How does CaM binding facilitate Ca2+ entry through TRPV4 at the molecular level? Two general molecular switching mechanisms seemed conceivable. The first comprises a ternary interaction in which Ca2+-loaded CaM binds to two different sites within the TRPV4 protein thus bringing two regulatory domains in proximity to each other. Indeed, asymmetrical CaM binding has been demonstrated for the pore-forming subunits of the CaV1/CaV2 [35], [36] and SK [37], [38] channel families, and a similar mechanism has been proposed for the Ca2+-dependent desensitization of TRPV1 [6], [7]. Using CaM overlay experiments on a peptide library representing the cytosolic termini of TRPV4 and fluorescence polarization experiments we identified three additional CaM binding sites in TRPV4 that may serve as anchoring domains for the CaM N lobe (Fig. S3). However, in fluorescence polarization experiments, their CaM affinities were in the micromolar range (Fig. S4) and none bound to CaM-N with higher affinity than to CaM-C (Table S2).

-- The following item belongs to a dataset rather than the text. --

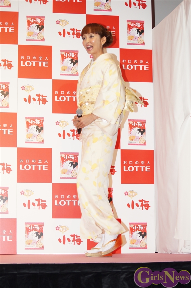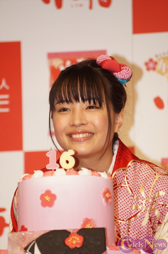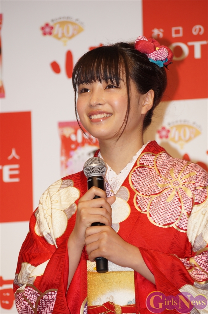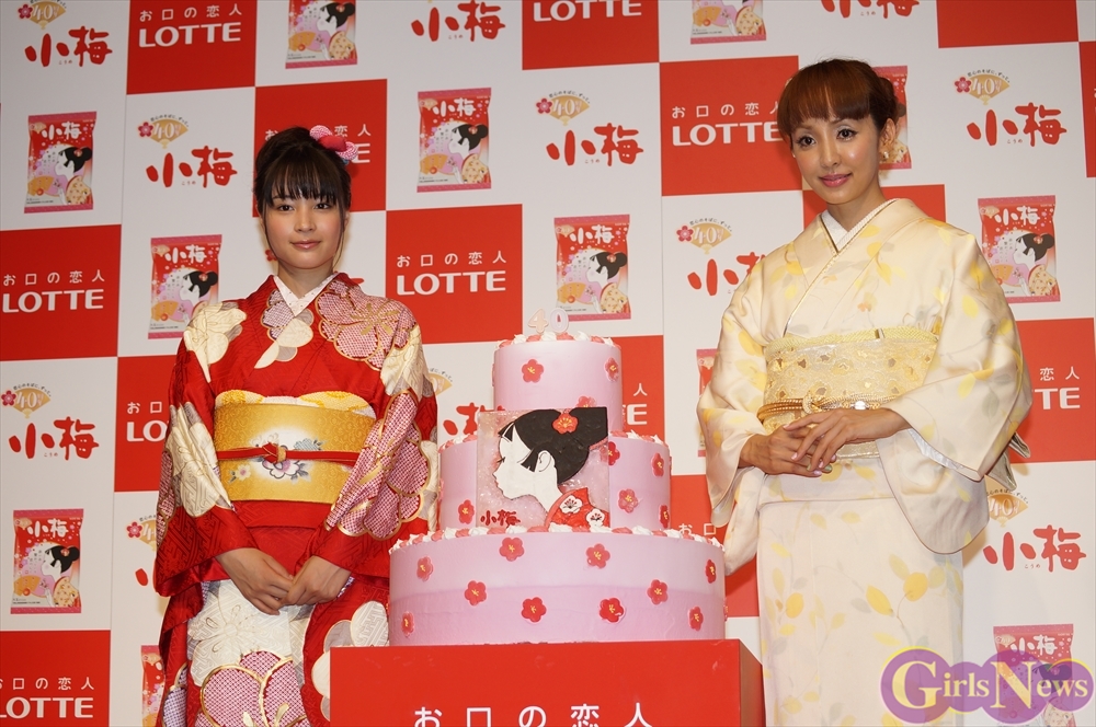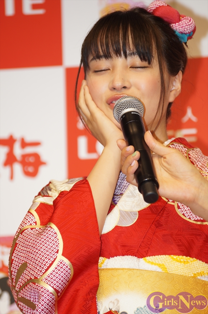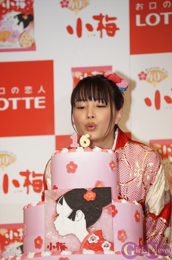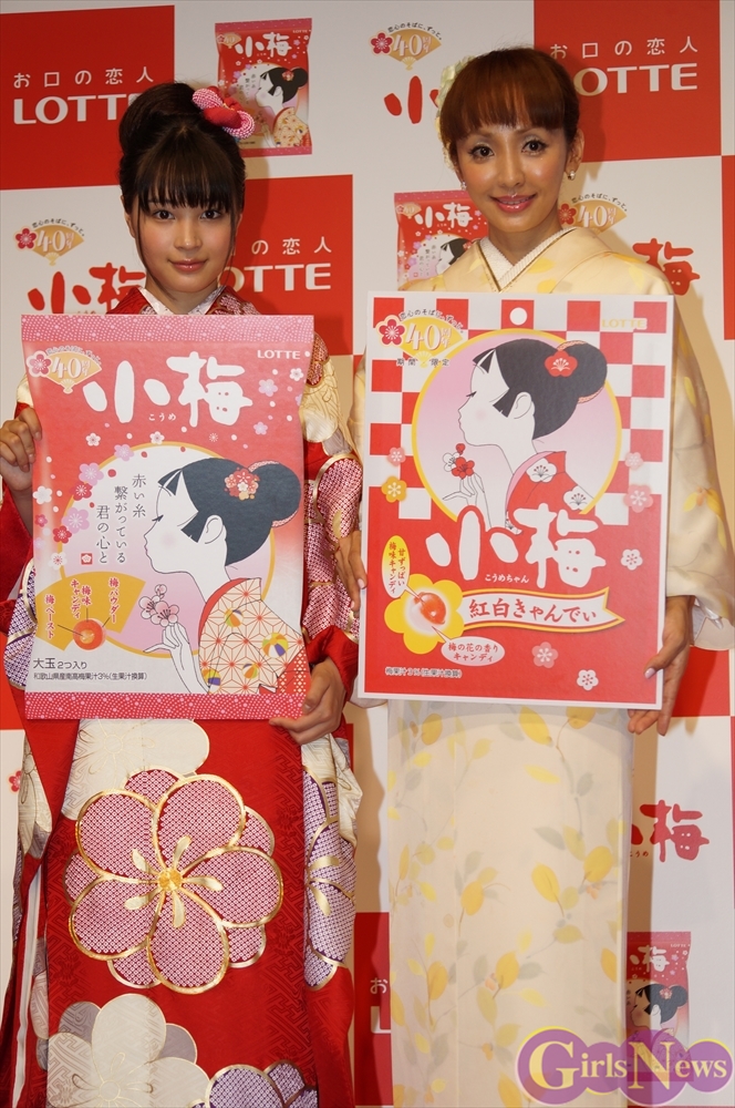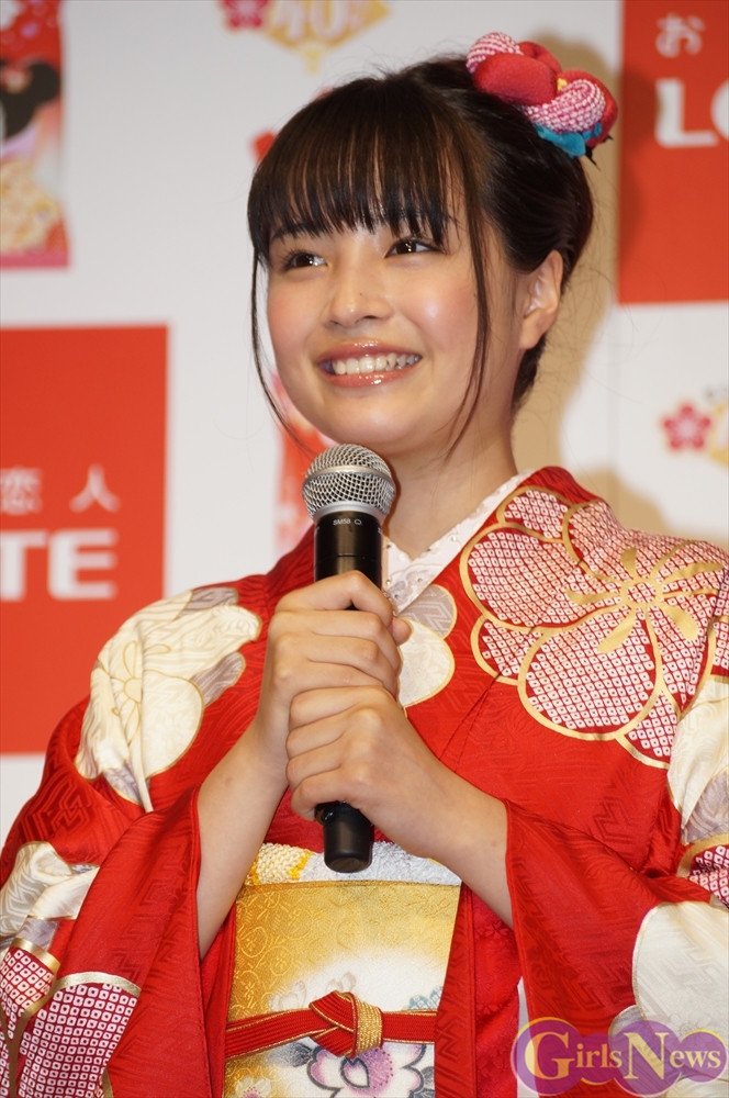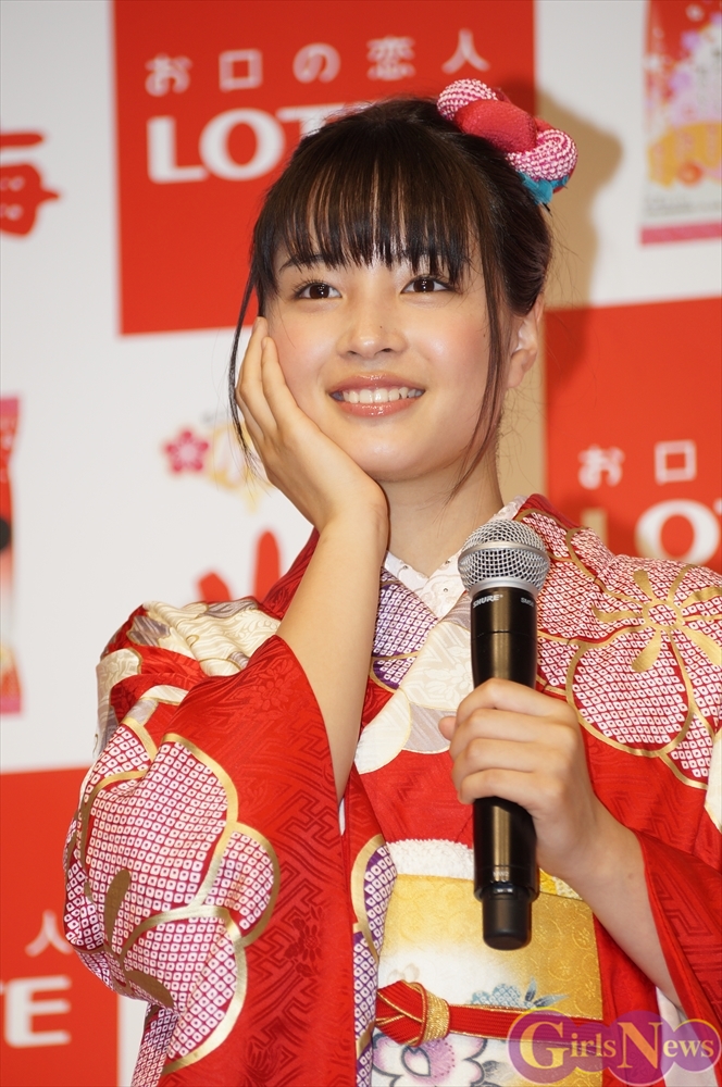 6月17日、ロッテ『小梅』40周年記念『小梅の恋叶えプロジェクト』発表会が行われ、同プロジェクトのアンバサダーを努める人気急上昇中の若手女優 広瀬すずさんが小梅ちゃんのキャラクターをイメージした赤い着物姿で登場した。

CaM binding disrupts an interdomain interaction

The alternative scenario for CaM-dependent current facilitation in TRPV4 involves a disinhibition process in which CaM binding displaces a regulatory domain that is attached to TRPV4 in the resting state. Prototypical mechanisms involving the displacement of autoinhibitory domains from a functional center are found in the CaM-dependent activation of CaMK II [39] and the plasma membrane Ca2+ pump [40], [41]. Multiple lines of evidence indicate that this is indeed the mechanism of the CaM-dependent potentiation in TRPV4.

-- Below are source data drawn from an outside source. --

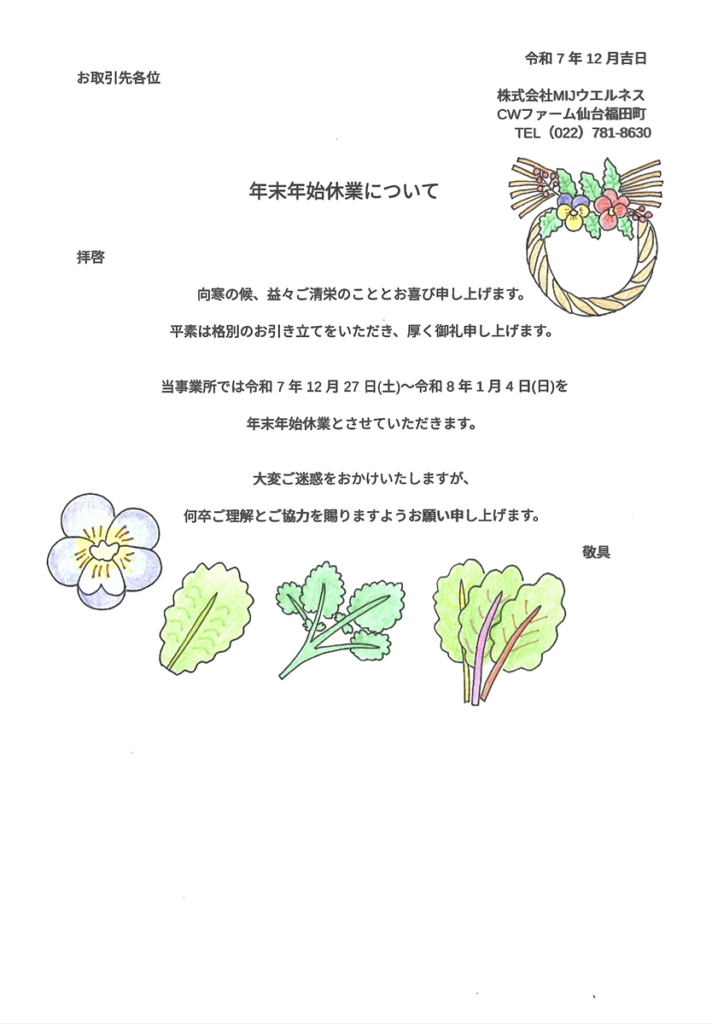 下記の期間を年末年始のお休み とさせていただきます🌱
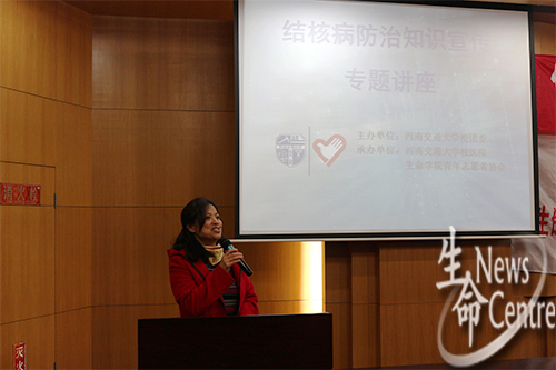 19:50,讲座正式开始。糜瑛主任由结核病的全球疫情状况入手分别就结核病的特点、诊断方法、预防措施、常用药物治疗疗程等相关知识作了详细讲解。她强调预防肺结核,要把个人卫生放在首位,经常对寝室进行消毒、开窗通风,一旦感染结核病,一定要及时就医并定期复查。
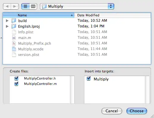In the sheet which appears you should make sure the both "MultiplyController.h" and "MultiplyController.m" are checked then click "Choose"
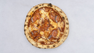 salami piccante, nduja, jalapeño, czerwona cebula, mozzarella fior di latte, sos pomidorowy, oregano
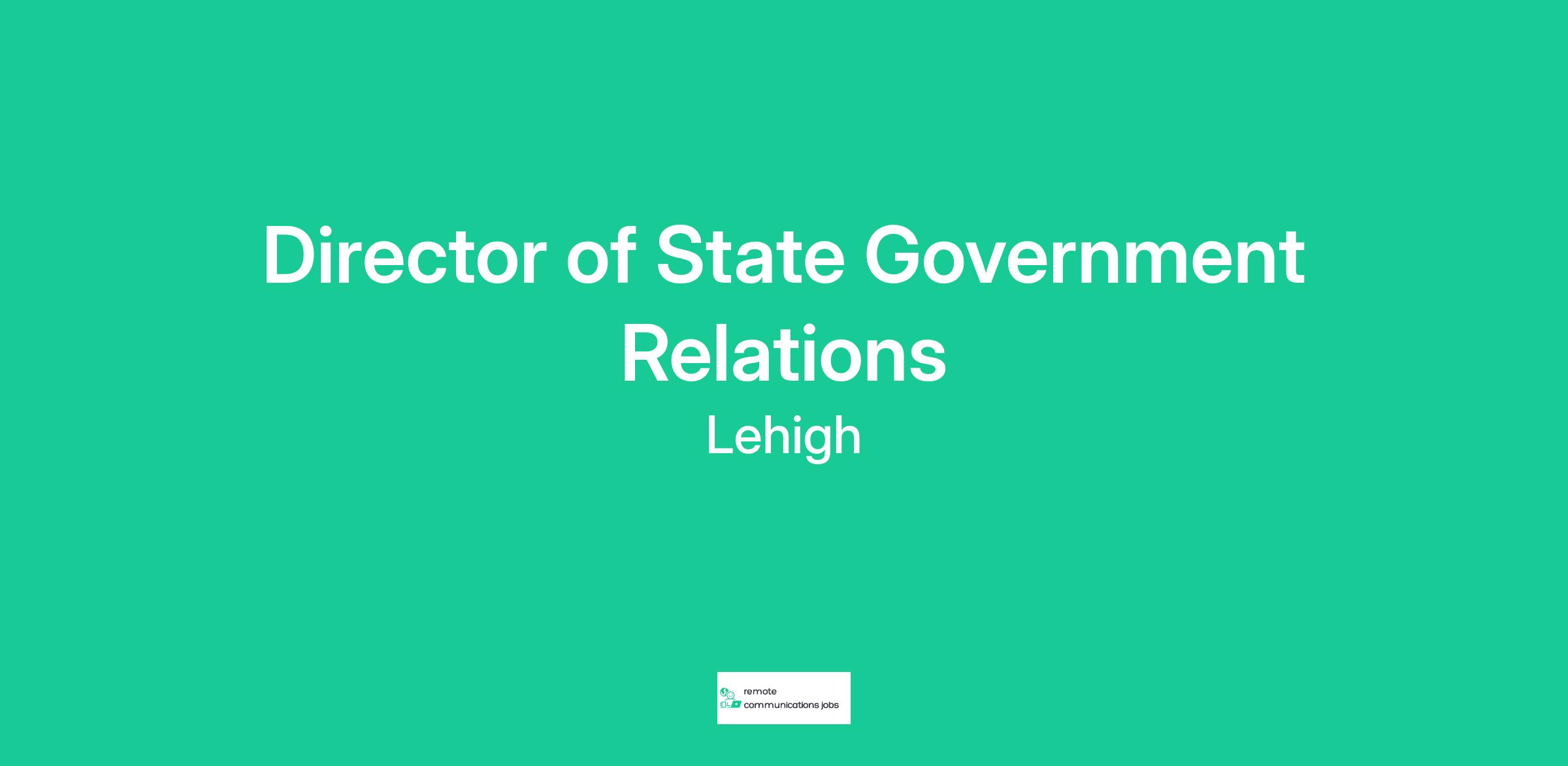 Lehigh University seeks an experienced Director of State Government Relations to manage our legislative advocacy and stakeholder relationships at state and federal levels.

First, we did a complementation experiment to test whether a CaM molecule that binds to the C2 fragment of TRPV4 through its C-lobe can form an additional interaction with another CaM binding domain thus forming a ternary complex. We focused on the N-terminal P2 peptide which with its accumulation of positively charged amino acids around a central tryptophan residue resembles the CaM-binding M13 peptide from the skeletal muscle myosin light chain kinase, a prototypical CaM binding motif. We used an AlphaScreen-based proximity assay (Fig. 2, Methods S1) in which the acceptor beads were coated with the C-terminal fragment C2-Flag, and the donor beads either with the N-terminal CaM binding peptide P2-biotin, or, as a negative control, with C2-biotin. The interaction between the proteins was measured in the presence of increasing CaM concentrations in 100 µM Ca2+ or 1 mM EGTA (Fig. 3A). Surprisingly, instead of CaM-dependent complex formation, a strong constitutive interaction between the N- and C-terminal TRPV4 fragments was observed in the absence of CaM (Fig. 3A). CaM competitively reduced this interaction in a Ca2+-dependent fashion with an IC50 of 166 nM in 100 µM Ca2+, a value that is in agreement with the Kd observed for its binding to C2 (see Fig. 1D). The control reaction in which both acceptor and donor beads were coated with the C2 protein did not show interaction in the absence or presence of CaM (Fig. 3A).

Figure 3
The C2 fragment interacts with an N-terminal domain.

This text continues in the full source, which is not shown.